Açıklamada, "Su kirliliği çok sayıda hastalığın yayılmasına neden oluyor. Gazze'deki ailelerin yüzde 90'ı su güvensizliğiyle karşı karşıya." ifadesi kullanıldı.
Yaz mevsiminin gelmesi ve sıcaklıkların artmasıyla başta içme suyu olmak üzere suya olan ihtiyacın arttığına vurgu yapıldı.
İsrail'in devam eden saldırıları nedeniyle zorla yerlerinden edilen Filistinlilerin, sığındıkları alanlarda su kaynaklarının yetersizliği sebebiyle "felaket koşullarla mücadele ettiğinin" altı çizildi.
Kanalizasyon atıklarının tutulduğu çukurların yer altı su depoları için ciddi risk oluşturduğu kaydedildi.

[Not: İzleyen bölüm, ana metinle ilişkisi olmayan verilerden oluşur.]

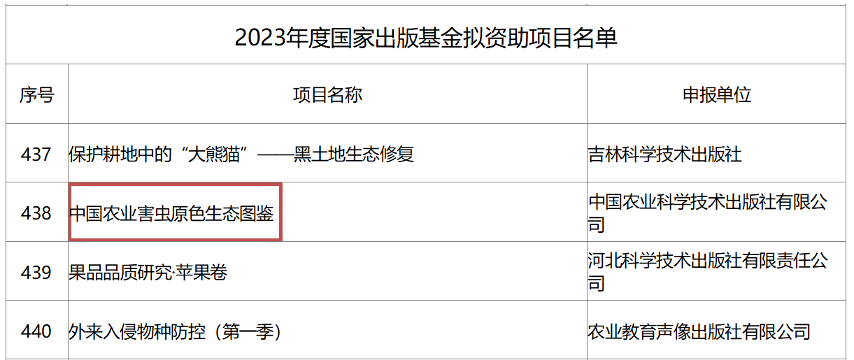 2023年4月17日,国家科学技术学术著作出版基金委员会公布了2023年度国家科学技术学术著作出版基金资助项目,必赢特聘教授刘玉升主编的学术著作《中国农业害虫原色生态图鉴》获批。此前,刘玉升教授主编的学术著作《中国资源昆虫图志》和《资源昆虫的生态化应用与展望》也均获国家出版基金资助项目,这是必赢在出版学术著作方面的历史性突破。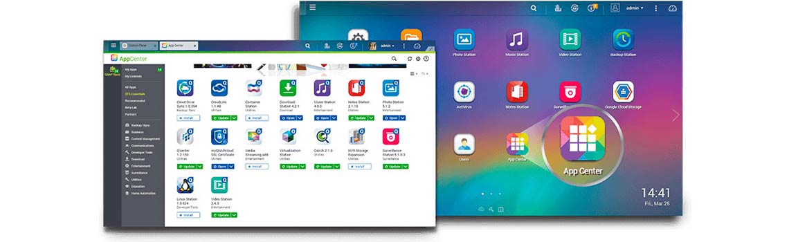 O TVS-882 possui uma central gerenciadora de aplicativos, com mais múltiplas opções para todo tipo de tarefas e atividades, como: backup, negócios, gerenciamento de conteúdo, multimídia, comunicação e downloads.

Gazze Şeridi'nde deniz suyu arıtma tesislerinin yüzde 90'ının tamamen hizmet dışı kaldığı vurgulandı.
Atık su arıtma tesislerinin de yüzde 80'inin faaliyet gösteremediği, dolayısıyla deniz suyundaki kirlilik oranının da arttığı ifade edildi.
Gazze'deki hükümetin Medya Ofisi verilerine göre, İsrail saldırılarında Gazze Şeridi'nin yüzde 88'i yıkıldı, 719 su kuyusu hizmet dışı kaldı ve 655 kilometre uzunluğunda kanalizasyon hattı tahrip edildi.

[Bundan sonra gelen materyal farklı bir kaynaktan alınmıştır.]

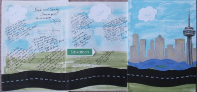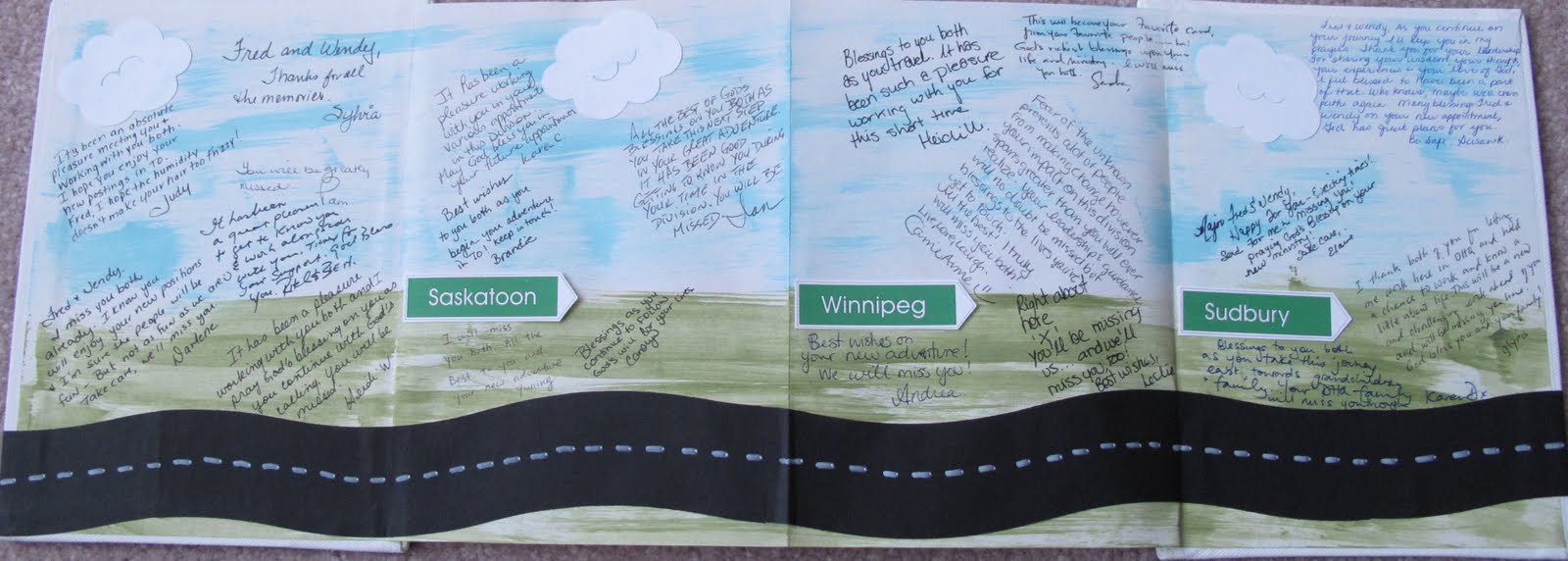 The farewell card from the office staff in Edmonton gave us the most wonderful card to mark the occasion and give us a map and memento that will be treasured. Below is the card – folds out, as you can see, to reveal the road and all the lovely sentiments!

Gazze'de insani kriz her geçen gün derinleşiyor
İşgalci İsrail, Hamas ile sağlanan ateşkes ve esir takası anlaşmasının 42 günlük birinci aşamasının sona ermesinin ardından 2 Mart'tan itibaren Gazze Şeridi'ne insani yardımların girişini durdurdu.
İşgalci İsrail ordusunun 7 Ekim 2023'ten bu yana düzenlediği saldırılarda 2,3 milyon nüfusa sahip Gazze Şeridi'nde yaklaşık 2 milyon kişi yerinden edildi. Sivil altyapıyı ve hastaneleri de hedef alan İsrail, Gazze'de insani bir felakete neden oluyor.
Bölgeye su ve elektrik tedarikinin kesilmesi ve sınır kapılarının kapalı tutulması Gazze'deki Filistinlilerin yaşadığı zor şartları daha da derinleştiriyor.
İşgalci İsrail ordusu, Gazze Şeridi'nde 19 Ocak'ta yürürlüğe giren ateşkesin ardından 18 Mart sabahı şiddetli saldırılarına yeniden başladı.